What to produce: Pictures excluded, reproduce exactly the lines below from the one with "次に、分割したエリアの使い分" through the one with "Siguiendo por esta", both included.

Given information:
═══
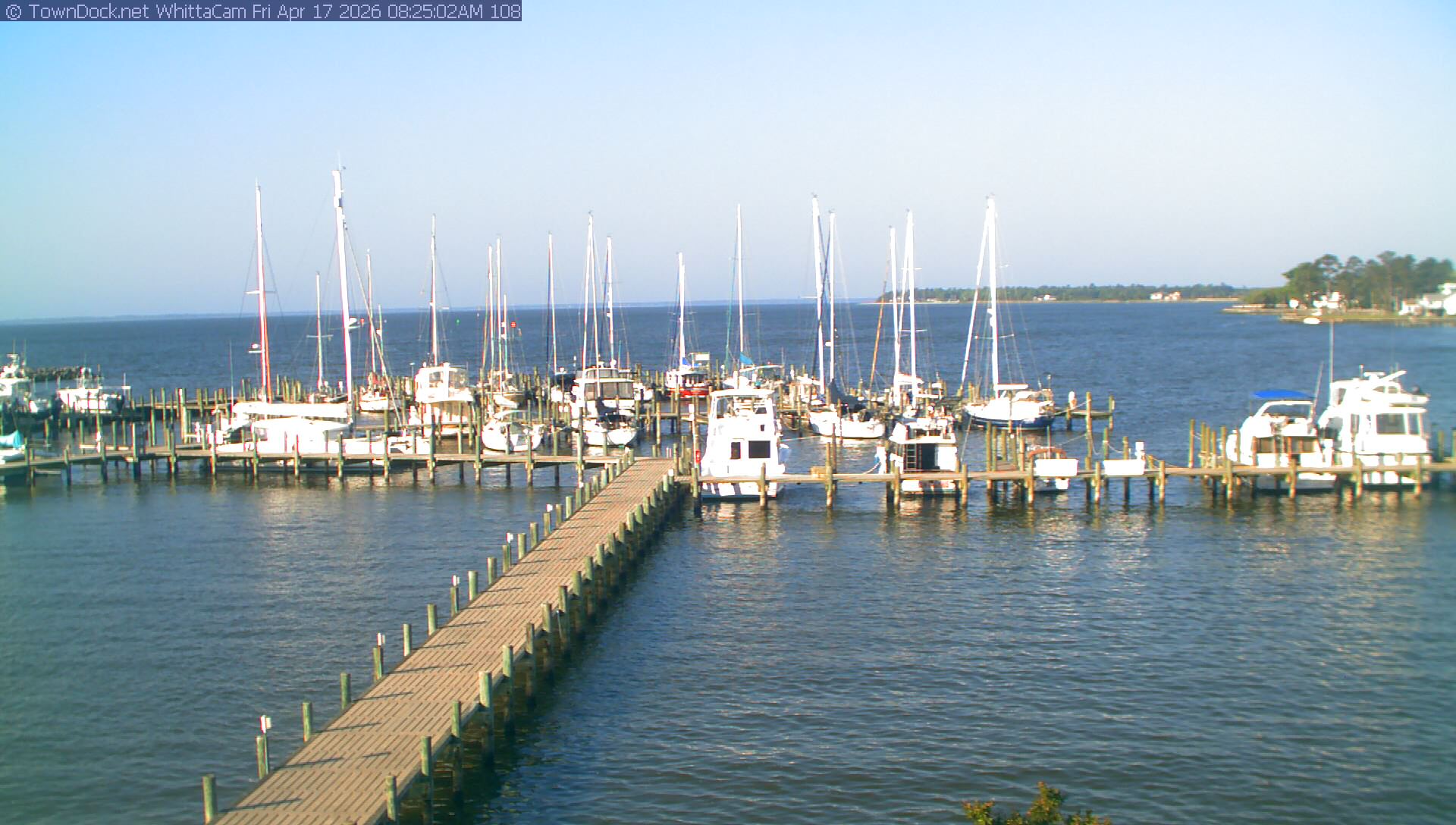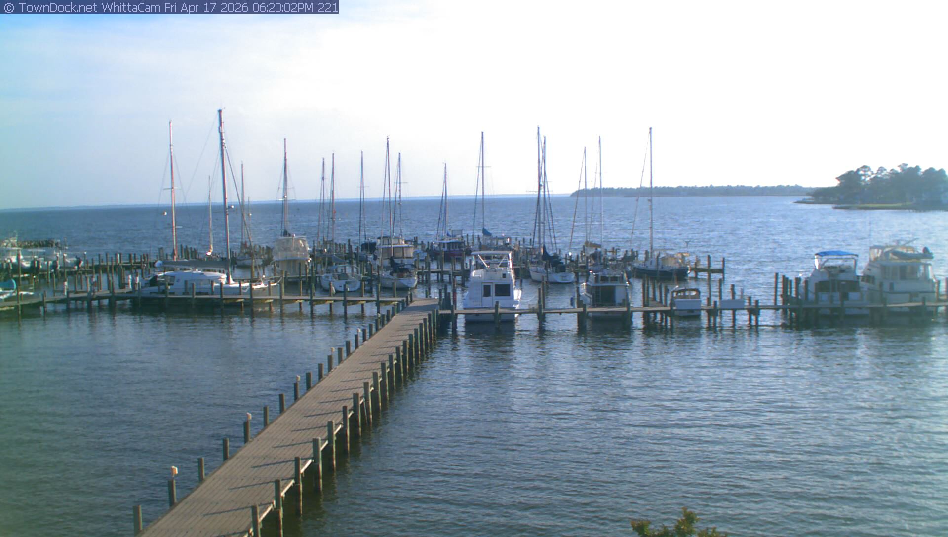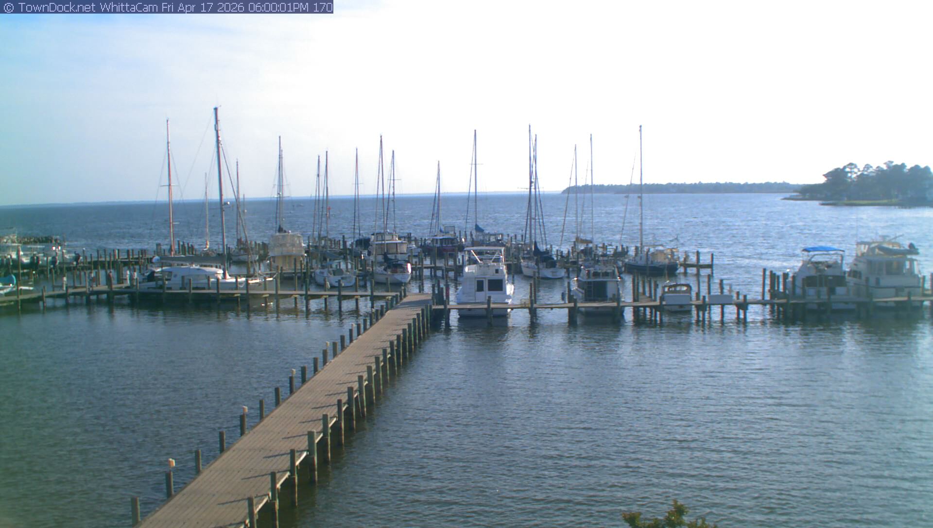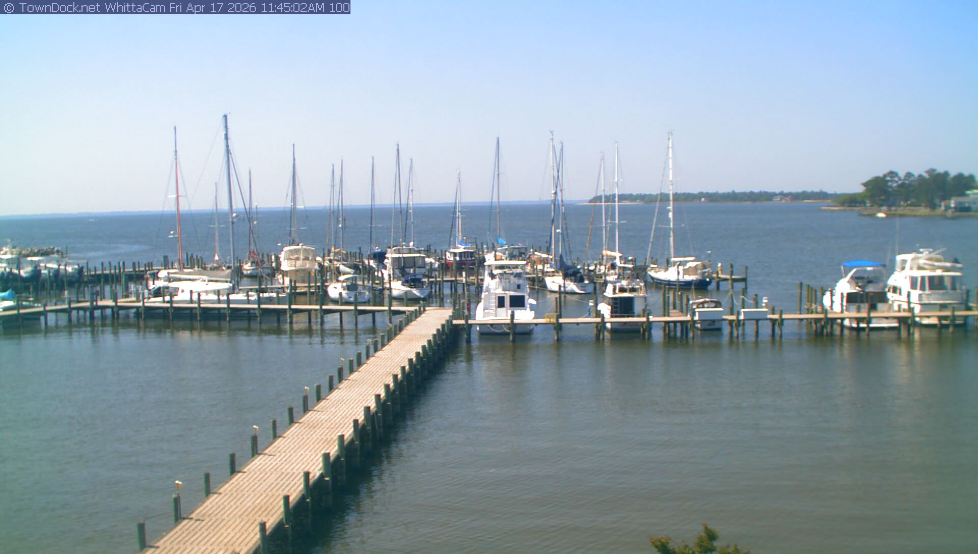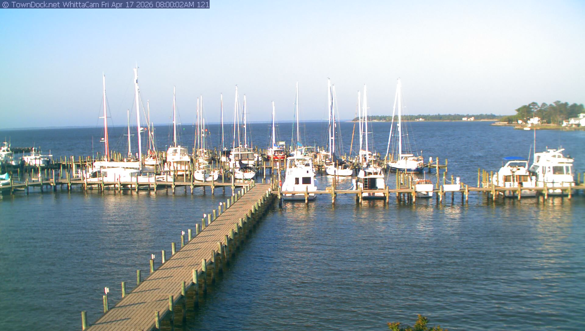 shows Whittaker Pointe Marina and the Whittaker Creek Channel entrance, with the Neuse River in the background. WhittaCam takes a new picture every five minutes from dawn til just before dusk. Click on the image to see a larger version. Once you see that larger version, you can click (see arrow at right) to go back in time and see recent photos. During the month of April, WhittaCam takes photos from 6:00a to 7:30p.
═══
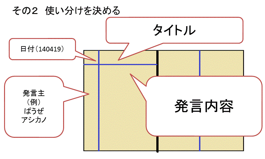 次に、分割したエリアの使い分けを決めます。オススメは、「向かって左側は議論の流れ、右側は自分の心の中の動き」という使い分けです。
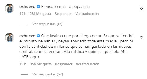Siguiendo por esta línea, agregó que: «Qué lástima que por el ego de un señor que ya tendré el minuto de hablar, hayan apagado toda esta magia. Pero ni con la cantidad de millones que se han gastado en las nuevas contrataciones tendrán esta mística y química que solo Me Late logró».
═══
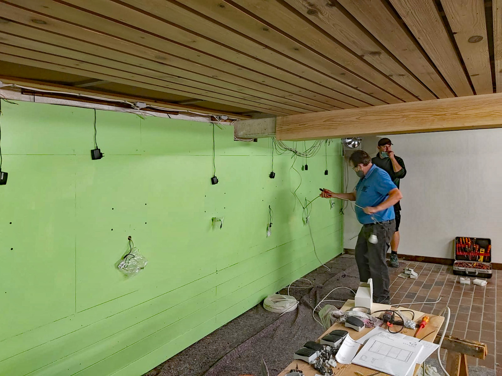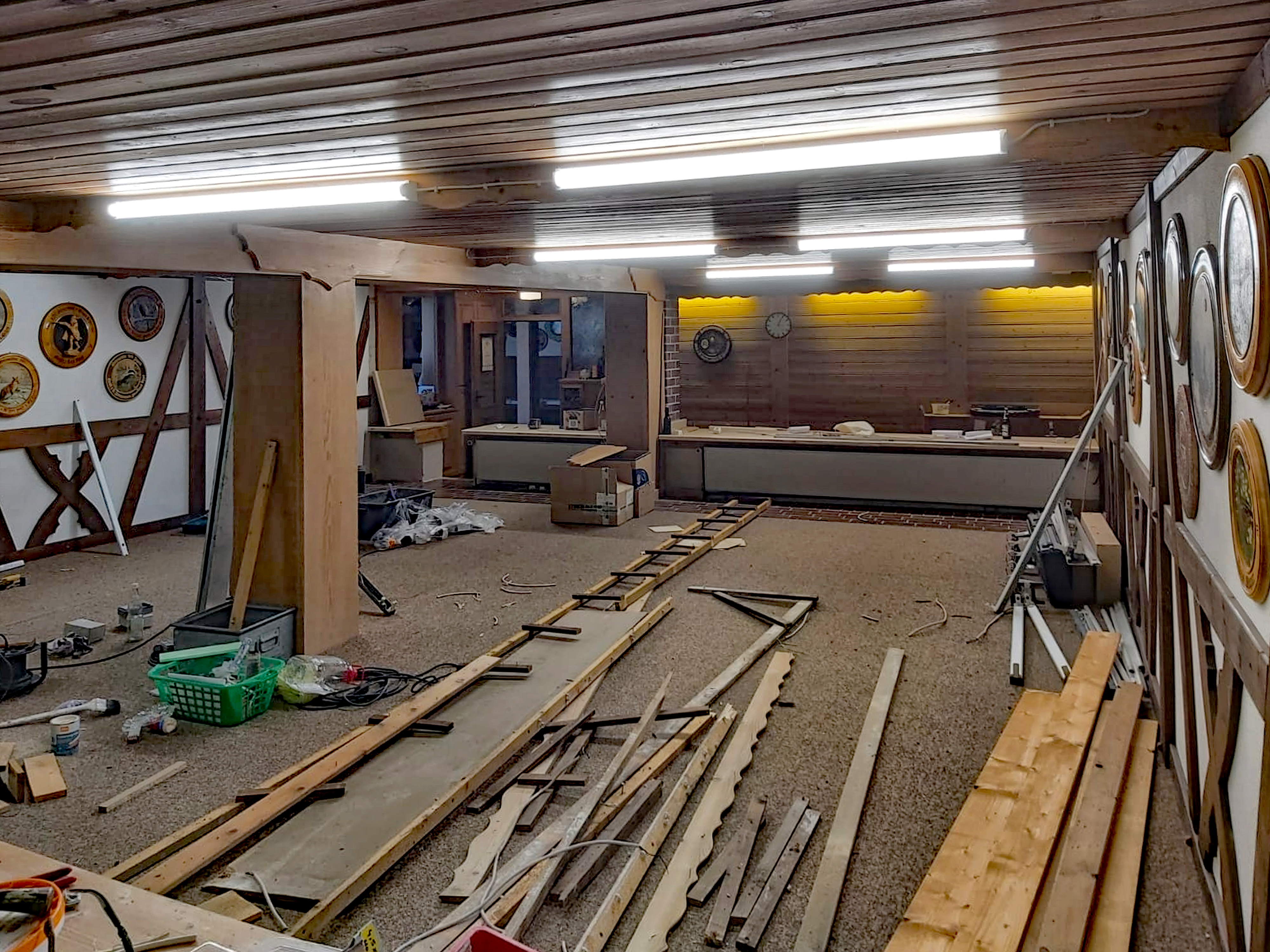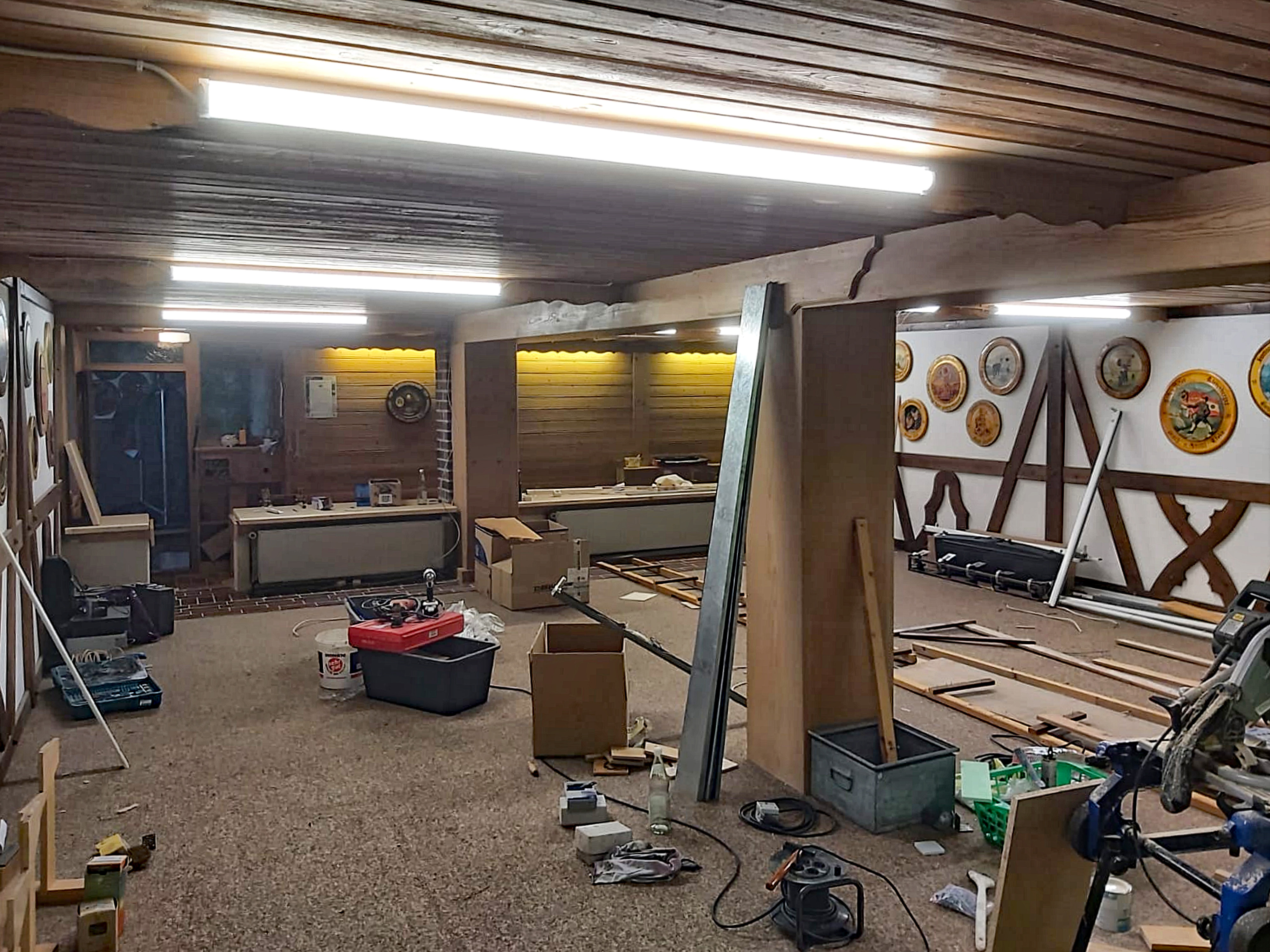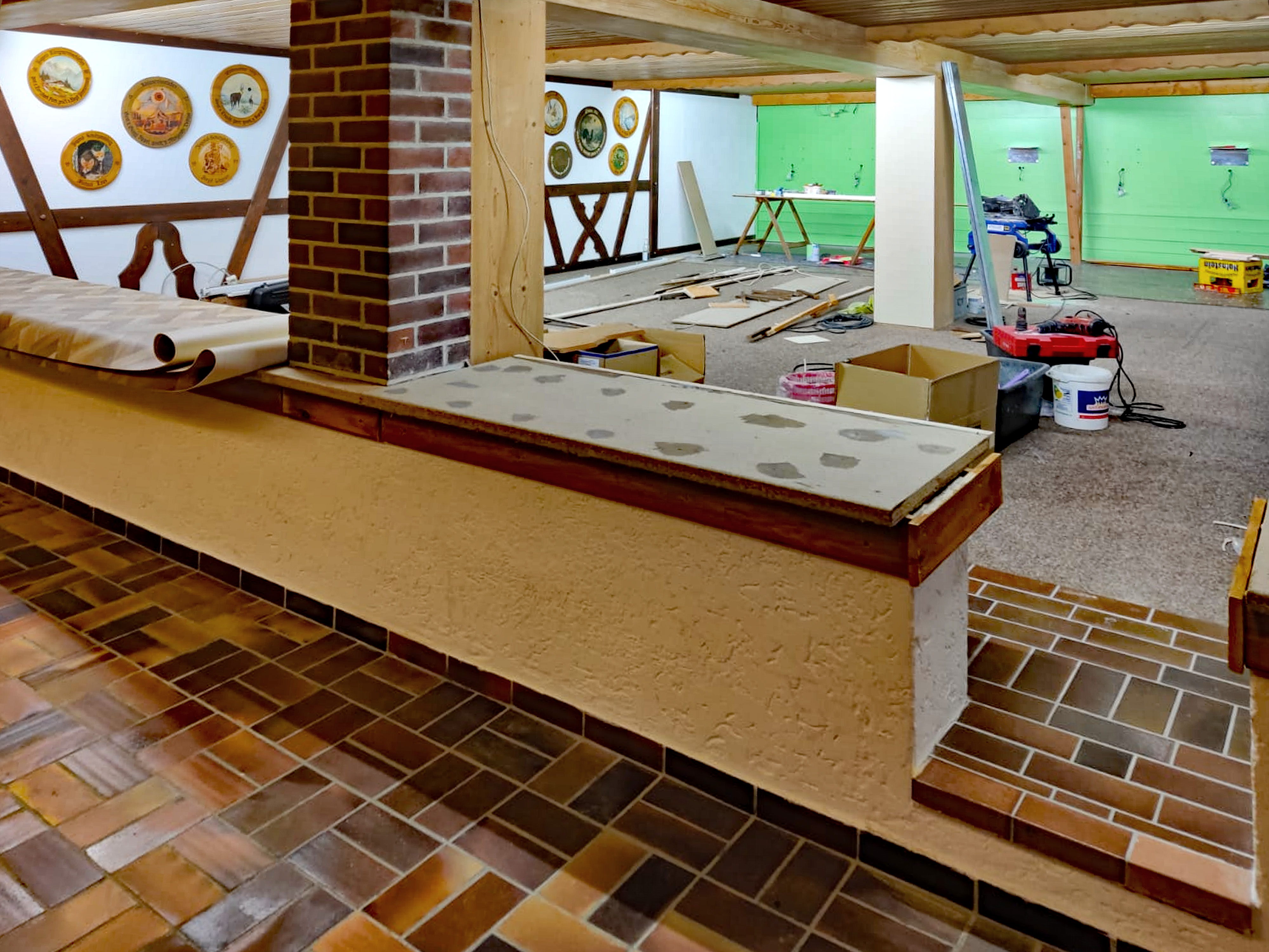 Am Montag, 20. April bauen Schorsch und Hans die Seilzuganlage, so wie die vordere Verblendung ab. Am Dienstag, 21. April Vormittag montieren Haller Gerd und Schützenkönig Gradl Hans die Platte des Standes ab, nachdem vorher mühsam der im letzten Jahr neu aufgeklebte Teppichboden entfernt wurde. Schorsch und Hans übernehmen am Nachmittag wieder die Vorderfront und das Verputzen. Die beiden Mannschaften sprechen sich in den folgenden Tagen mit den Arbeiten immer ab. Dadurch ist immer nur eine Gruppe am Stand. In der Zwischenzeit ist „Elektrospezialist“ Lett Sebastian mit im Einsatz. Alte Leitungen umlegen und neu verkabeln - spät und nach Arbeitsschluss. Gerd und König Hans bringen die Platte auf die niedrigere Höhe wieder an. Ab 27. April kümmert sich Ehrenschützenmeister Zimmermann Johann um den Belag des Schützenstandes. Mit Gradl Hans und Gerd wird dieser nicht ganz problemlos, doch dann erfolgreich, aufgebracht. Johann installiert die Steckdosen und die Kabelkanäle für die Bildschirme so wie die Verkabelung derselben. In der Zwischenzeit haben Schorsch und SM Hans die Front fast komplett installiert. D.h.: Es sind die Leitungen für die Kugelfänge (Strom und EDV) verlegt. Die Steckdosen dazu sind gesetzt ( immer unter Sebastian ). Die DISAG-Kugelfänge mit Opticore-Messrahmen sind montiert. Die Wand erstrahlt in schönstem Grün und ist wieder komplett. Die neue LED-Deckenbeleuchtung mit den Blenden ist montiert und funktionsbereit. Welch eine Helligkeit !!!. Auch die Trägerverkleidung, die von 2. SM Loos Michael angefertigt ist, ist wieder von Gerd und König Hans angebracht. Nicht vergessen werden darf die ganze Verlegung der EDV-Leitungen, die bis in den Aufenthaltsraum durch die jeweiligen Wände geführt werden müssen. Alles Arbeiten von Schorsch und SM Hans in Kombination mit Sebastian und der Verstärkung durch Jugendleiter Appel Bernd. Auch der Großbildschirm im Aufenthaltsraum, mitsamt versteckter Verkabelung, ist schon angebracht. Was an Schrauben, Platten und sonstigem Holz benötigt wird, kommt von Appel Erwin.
═══
Your response:
 次に、分割したエリアの使い分けを決めます。オススメは、「向かって左側は議論の流れ、右側は自分の心の中の動き」という使い分けです。
Siguiendo por esta línea, agregó que: «Qué lástima que por el ego de un señor que ya tendré el minuto de hablar, hayan apagado toda esta magia. Pero ni con la cantidad de millones que se han gastado en las nuevas contrataciones tendrán esta mística y química que solo Me Late logró».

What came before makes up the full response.